Railway line in South Tyrol, Italy

The Puster Valley Railway (German: Pustertalbahn; Italian: Ferrovia della Val Pusteria) is a standard gauge, single-track railway line in the Puster Valley between Franzensfeste (Italian: Fortezza) and Innichen (San Candido), South Tyrol, Italy. The line branches off the Brenner Railway in Franzensfeste and runs via Bruneck and Toblach to Innichen, where it continues as the Drava Valley Railway (Drautalbahn).

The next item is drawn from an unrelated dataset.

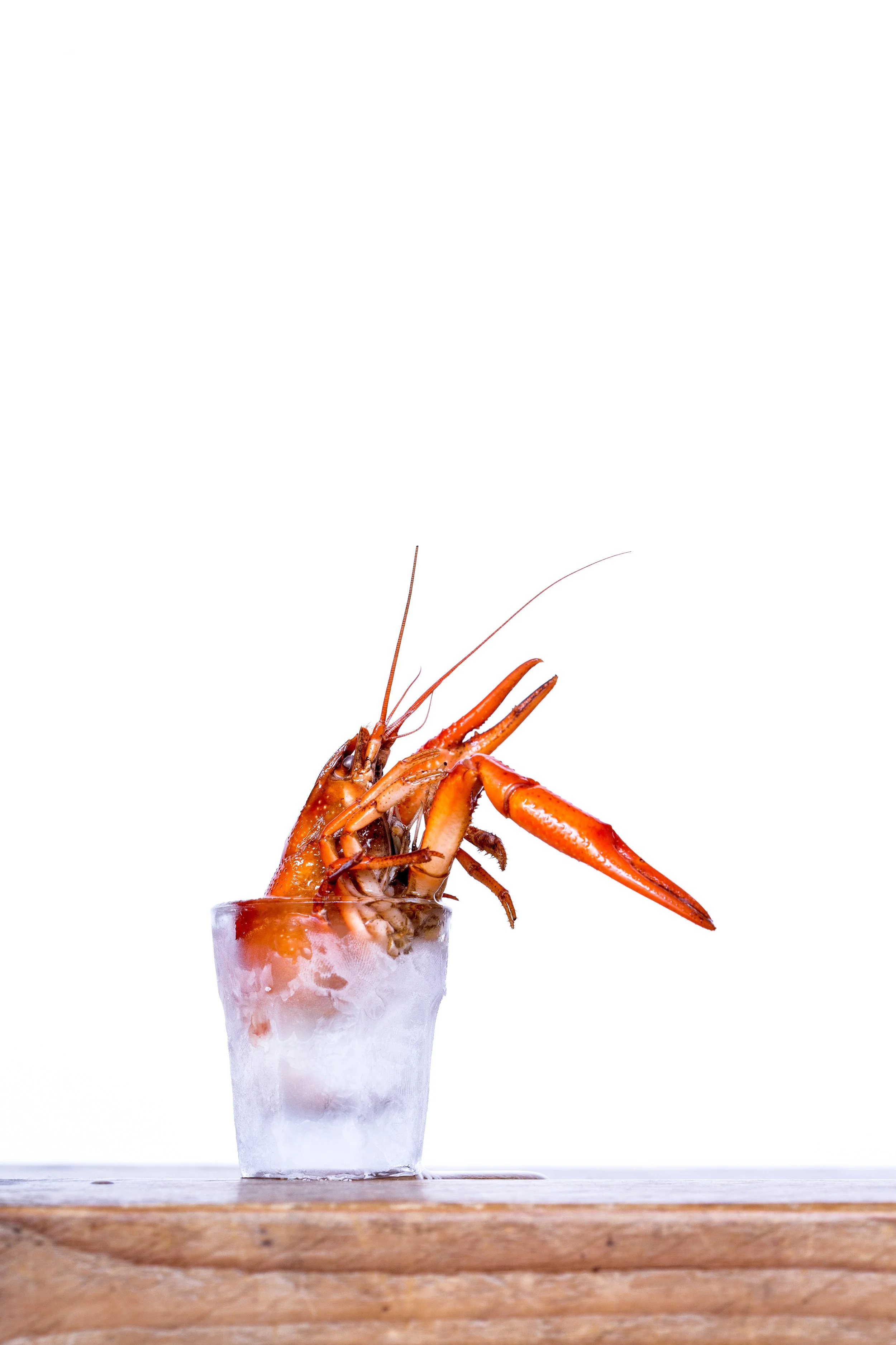 Crayfish in vodka glass.

Historically, there was no separation between the Puster Valley Railway and the Drava Valley Railway, as the granting of the concession, the construction and the commissioning of the line from Villach to Franzensfeste covered the whole line. However, since the transition between the Italian and Austrian electrification systems is now located in Innichen station, this is usually considered the terminus of the two lines. Alternatively, the national border east of Innichen or the Toblach saddle west of Innichen may be seen as the border between the two lines.

== History==
As early as 1858, the Southern Railway Company (Südbahngesellschaft) developed its first plans and shortly afterwards received the building permit to connect, Vienna with the Tyrol via the Southern Railway (Südbahn).

The Hügel & Sager company was awarded the contract to construct the Puster Valley Railway and work began in the late autumn of 1869. As this proceeded much faster than expected, operations on the 20 km long Puster Valley Railway and Drava Valley Railway started on 20 November 1871. While the Drava Valley Railway from Villach to Lienz was built as a flat railway, it becomes a mountain railway on its continuation to Franzensfeste and reaches its highest point at the Toblach Saddle at about 1215 m above sea level.

An original task of the Puster Valley Railway was to connect East Tyrol to the capital of the Tyrol, Innsbruck. However, with the collapse of the Habsburg monarchy and the loss of South Tyrol to Italy after the end of the First World War, the importance of the railway declined sharply.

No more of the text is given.